Hello, I trained an RF-DETR model on my own dataset. I then started testing it via the “Try This Model” feature. When I tried a test image via this feature it correctly identified all the objects. I then downloaded the model locally and ran inference on the same image using model = RFDETRBaseNano(finetuned_path) and self.model.predict(image) and ran my prediction but I did not get the same results and the model missed a lot of the objects that it got when i used the try this model feature. Is there a preprocessing step or something im missing? I was very surprised to see this discrepancy.

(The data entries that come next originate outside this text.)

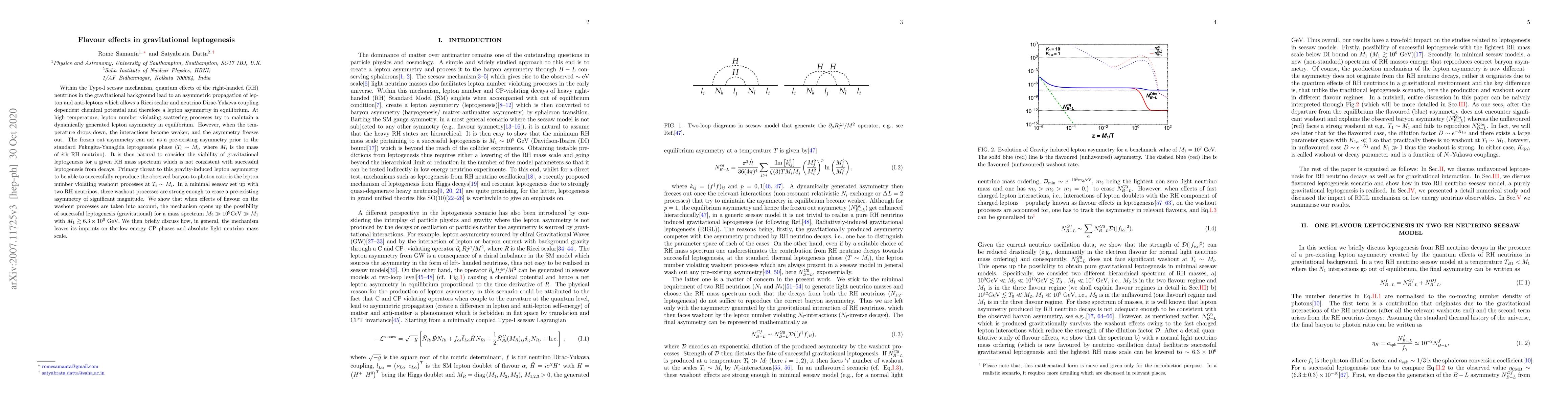 Within the Type-I seesaw mechanism, quantum effects of the right-handed (RH) neutrinos in the gravitational background lead to an asymmetric propagation of lepton and anti-leptons which allows a Ricci scalar and neutrino Dirac-Yukawa coupling dependent chemical potential and therefore a lepton asymmetry in equilibrium. At high temperature, lepton number violating scattering processes try to maintain a dynamically generated lepton asymmetry in equilibrium. However, when the temperature drops down, the interactions become weaker, and the asymmetry freezes out. The frozen out asymmetry can act as a pre-existing asymmetry prior to the standard Fukugita-Yanagida leptogenesis phase ($T_i\sim M_i$, where $M_i$ is the mass of $i$th RH neutrino). It is then natural to consider the viability of gravitational leptogenesis for a given RH mass spectrum which is not consistent with successful leptogenesis from decays. Primary threat to this gravity-induced lepton asymmetry to be able to successfully reproduce the observed baryon-to-photon ratio is the lepton number violating washout processes at $T_i\sim M_i$. In a minimal seesaw set up with two RH neutrinos, these washout processes are strong enough to erase a pre-existing asymmetry of significant magnitude. We show that when effects of flavour on the washout processes are taken into account, the mechanism opens up the possibility of successful leptogenesis (gravitational) for a mass spectrum $M_2\gg 10^9 {\rm GeV}\gg M_1$ with $M_1 \gtrsim 6.3 \times 10^6$ GeV. We then briefly discuss how, in general, the mechanism leaves its imprints on the low energy CP phases and absolute light neutrino mass scale.
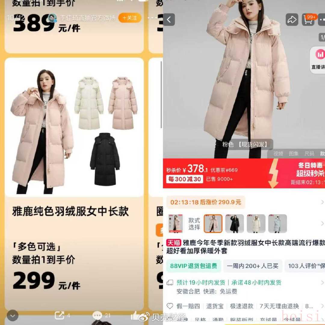 貝殼財經記者注意到,李佳琦今年7月初的一場“反季專場”中,波司登一件短款鴨絨羽絨服售價599元,如今波司登官網優(yōu)惠售賣價為639元;雅鹿一件女士中長款鴨絨羽絨服7月初的直播間價格為299元/件,相比之下,官方優(yōu)惠價為379.05元/件。在不考慮其他因素之下,漲幅分別為6.68%和26.77%。
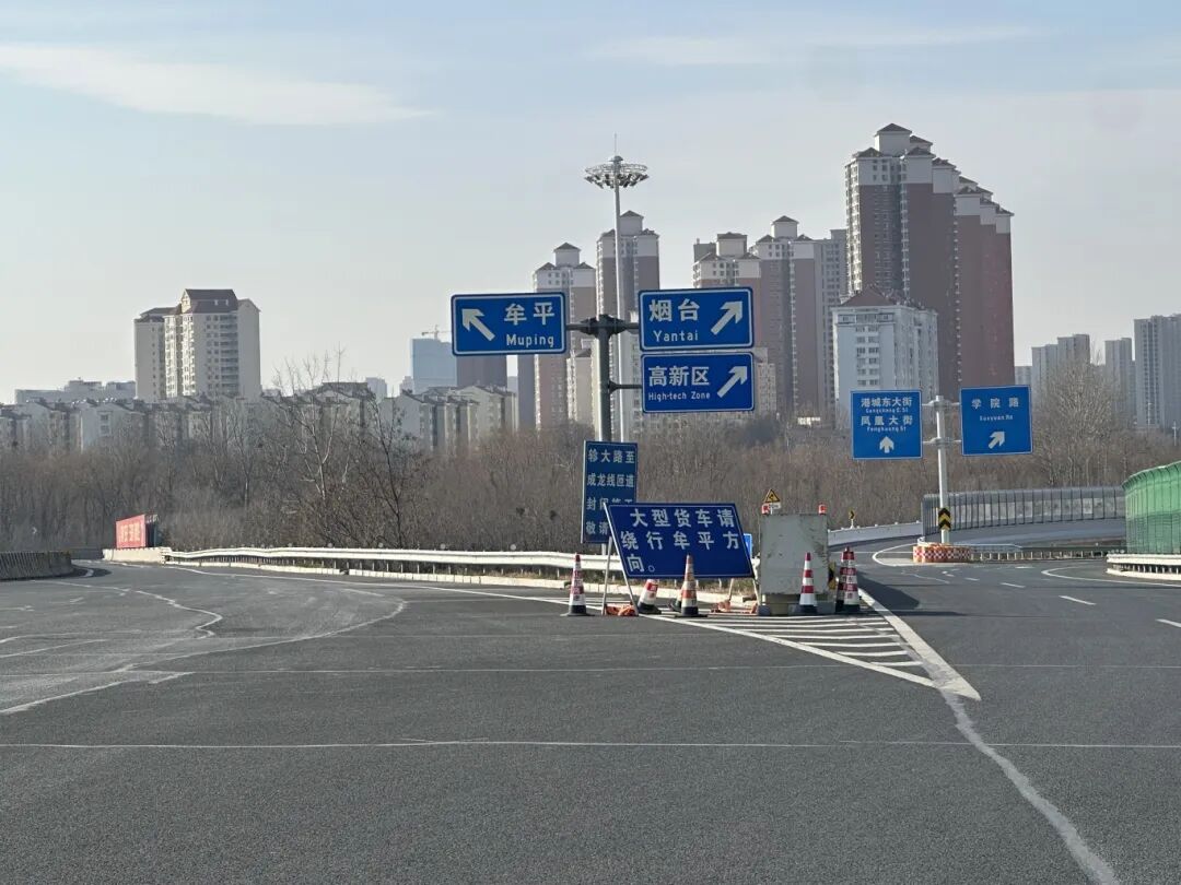 出烟台收费站左拐通往牟平方向,直行通往港城东大街、凤凰大街方向,右拐通往学院路方向。
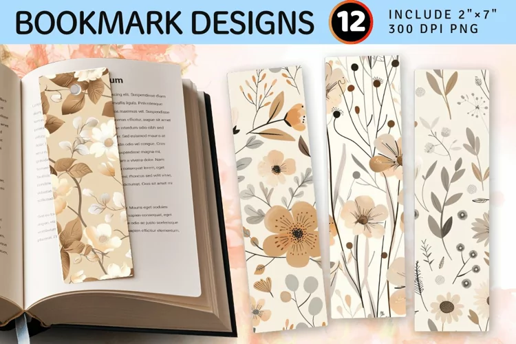 Neutral Beige Flowers PNG Bookmark Sublimation Designs
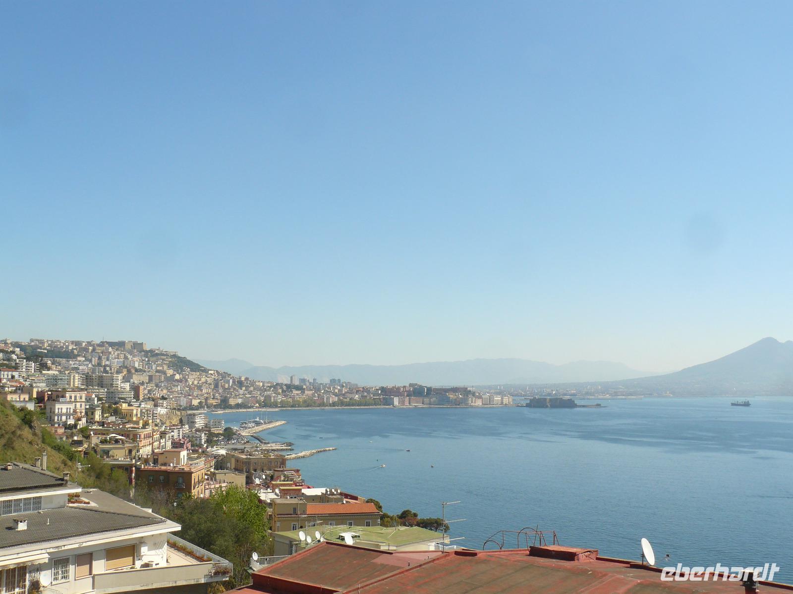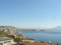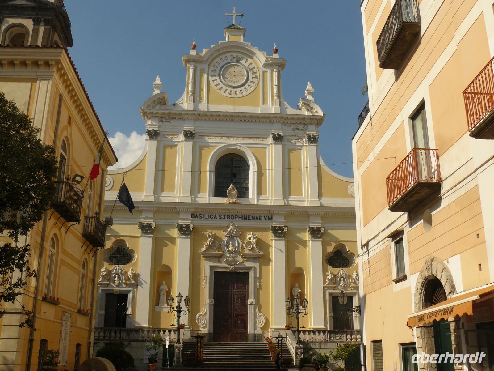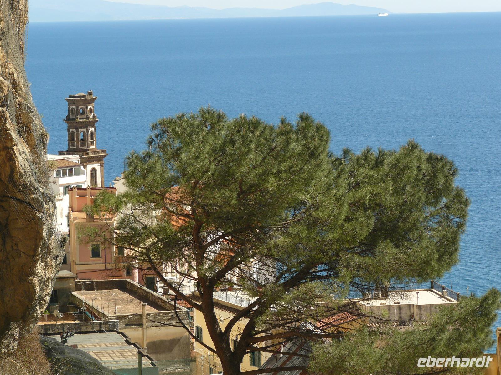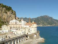 Bei strahlend blauem Himmel landeten die Berliner samt Reiseleiterin schon am frühen Vormittag in Neapel. Hier erwartete uns Beate, die Stadtführerin, am Flughafen. Der Bus brachte uns zu verschiedenen Aussichtspunkten rund um die Stadt, bevor wir uns dem Zentrum Neapels näherten. Beate zeigte uns kleine Läden, wo wir uns ein Mittagessen kaufen konnten und Cafés mit herrlichen dolce, also süßen Backwaren. Davon gibt es in Neapel viele. Am frühen Nachmittag brachte uns der Bus dann nach Minori. Wir sausten über die Autobahn am Vesuv und an Pompeji vorbei bis nach Vietri sul Mare. Hier verließen wir die Autobahn und fuhren über die „schönste Straße der Welt". So wird die Küstenstraße an der Amalfitana in Büchern beschrieben. Der Fahrer mag das anders sehen, denn diese Straße zu befahren kostet Nerven. Und so waren alle Gäste froh, dass sie diese Aufgabe dem Busfahrer überlassen konnten und nicht hinter dem Steuer eines Autos saßen. Bei strahlendem Sonnenschein tauchte das Meer vor uns auf. Wir passierten malerische Dörfer mit bunten Kirchturmkuppeln, die an steilen Hängen klebten. Schließlich erreichten wir Minori. Der Nachmittag wurde je nach Wunsch zum Schlafen oder zur ersten Ortserkundung genutzt. Kurz vor unserem herrlich leckeren Abendessen trafen dann auch die letzten Gäste aus Stuttgart und Frankfurt ein. Das Wetter war herrlich und bei strahlendem Sonnenschein starteten wir in unseren 2. Tag.
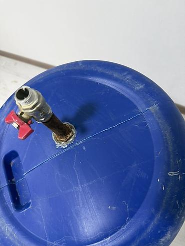 Пластиковая бочка + канистры для воды/технических жидкостей Описание: - Синяя цилиндрическая бочка из плотного пищевого/технического пластика (полиэтилен). Примерный объем 180–220 л, высота около ...
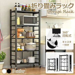 メタルラック5段 / 4段 / 3段 折りたたみ式 オープンラック 収納棚 キッチンラック シェルフ キャスター付き 移動便利 食器棚 防サビ加工スチールラック キャスター付き
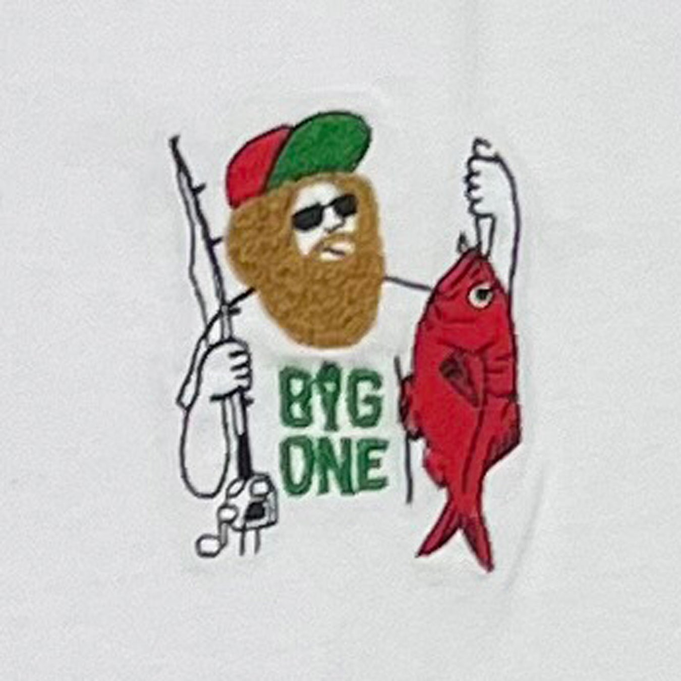 モジャッシュが伊豆の名産品であるキンメダイ釣りを楽しむ姿をプリントしたTシャツ。キンメダイ釣りは駿河湾2000メートル深いところで釣るため、パワフルなリールを搭載した特別な釣り竿にこだわりました。キンメダイの大きい目、ひれの形など忠実に表現しました。キンメダイの旬は冬と初夏の2回ありますが、初夏のキンメダイを描いています。お刺身としていただくのが最適です。

update. I tried using the pipeline inference api and the detection matched with the “Try this Model” feature. Is the model available to download not the same weights as the one hosted? I’ve spent the last couple hours trying to debug this and I’m pretty confused.
Hi @mz0g!
Unfortunately, I’m unable to support models implemented outside of the Roboflow environment because there are several confounding variables that could be causing the issue.
I strongly suggest deploying your model with inference, it is a fantastic option that will provide the easiest and quickest option to deploy your model into production.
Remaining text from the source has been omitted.